Starting Friday June 22nd open fires and fireworks will not be allowed in the unincorporated areas of Uinta County Wyoming.

see the top of the page: http://www.uintacounty.com/CivicAlerts.aspx


----------



## InvaderZim (Sep 7, 2007)

You can still get porn and alcohol though right?


----------



## gdog (Sep 13, 2007)

InvaderZim said:


> You can still get porn and alcohol though right?


Goob???


----------



## wyogoob (Sep 7, 2007)

InvaderZim said:


> You can still get porn and alcohol though right?


Yes sir, and cheap cigarettes too.

And don't forget, just because there's a ban on setting off fireworks, it doesn't mean we won't be selling them with reckless abandon.


----------



## Gee LeDouche (Sep 21, 2007)

InvaderZim said:


> You can still get porn and alcohol though right?


And we can still buy them and smuggle them into utah right??


----------



## SagebrushRR (May 20, 2012)

You can still light them off INSIDE Evanston at certain places.
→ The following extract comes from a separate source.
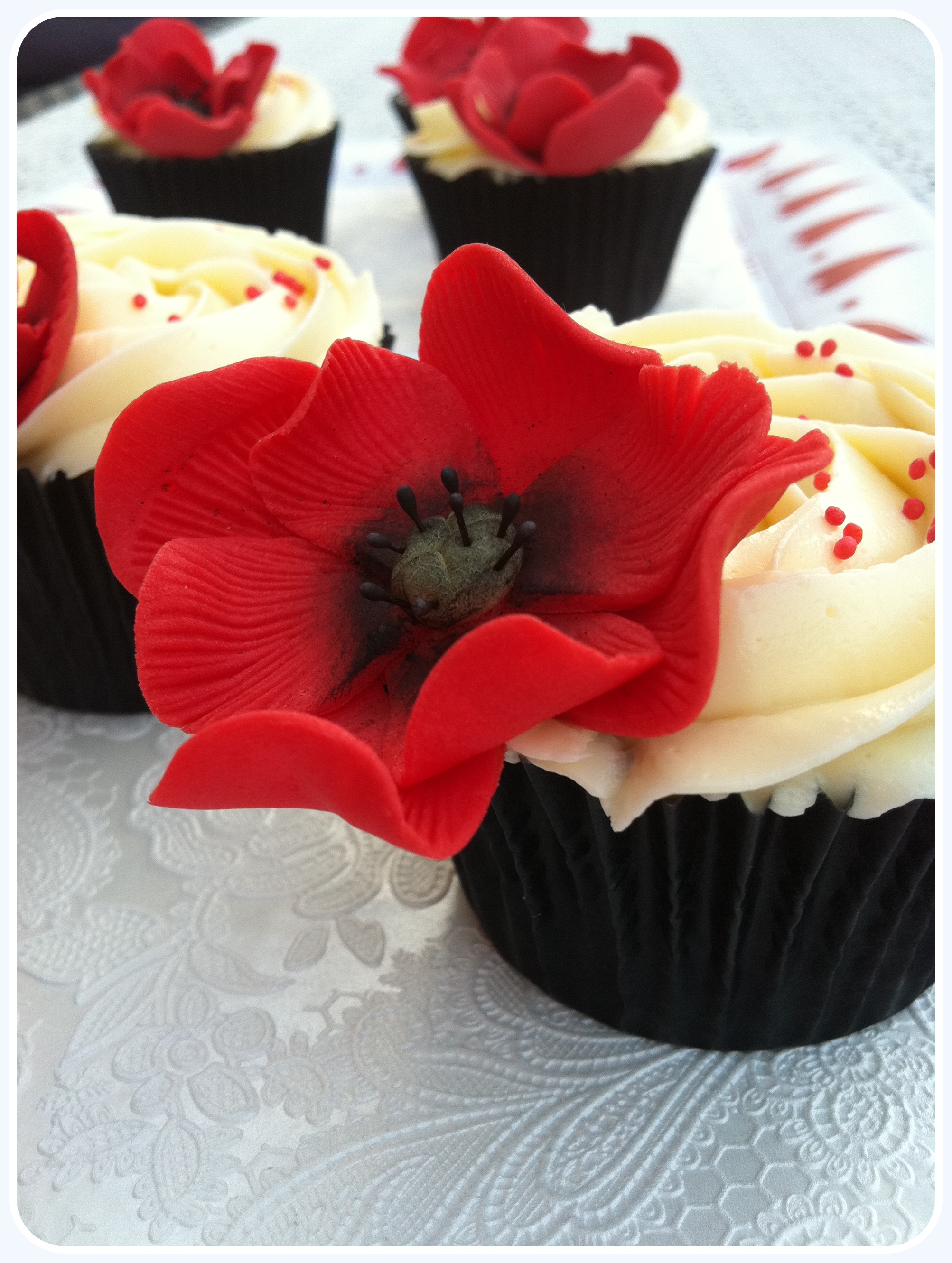 Podéis utilizar de topper cualquier flor u otra cosa que se os ocurra, pero os dejo el enlace aquí de cómo podéis hacer las amapolas de fondant rojo que llevan estos.

This only affects ther areas outside of town. Just be carefull where ever you chose to light them.


----------



## Bax* (Dec 14, 2008)

I would like to buy this for my neighborhood. But I dont know if they sell them in Evanston.


----------



## GaryFish (Sep 7, 2007)

My kid's high school band sell fireworks for their fund raiser. And sales have been nothing short of pathetic. Which is actually good as I see it. I really hope that people will lay off the fireworks this year. Just too much to risk not just in the undeveloped lands but in town. Every neighborhood has a vacant house or five due to the foreclosures, and those yards are dryer than dry. It wouldn't take much to send up half a neighborhood if some sparks hits a vacant, dried up yard.


----------



## wyogoob (Sep 7, 2007)

$2,300 worth of fire works for $800. There's still time:

http://www.sltrib.com/sltrib/news/54426 ... g.html.csp


----------



## k2muskie (Oct 6, 2007)

Based on what I heard last night goob I do believe several of my neighbors took that deal up. Have to say it seemed louder and going on longer last night than I recall from the past. Hmmmmm....


----------



## hatuquack (Nov 15, 2011)

I'm so proud of my neighbors because the last five or more years all we have heard for the days before,during,and after the fourth was boom, pop, and whizzzz. It's been total silence this year. I live in Mountain Green, we already had a 15 acre fire that was caused by a downed power line that ended just behind our fire department. I hope that every community is as aware of the fire danger we face as our little space of God's country.


----------



## Dunkem (May 8, 2012)

Not so in West Valley,it was like a war zone(cat still under the bed.)


----------



## Huge29 (Sep 17, 2007)

I am sure that it is just reaking havoc on the local economy to not have all of those fireworks not being sold locally; I am sure the border crossers make up a very small amount of the sales/


----------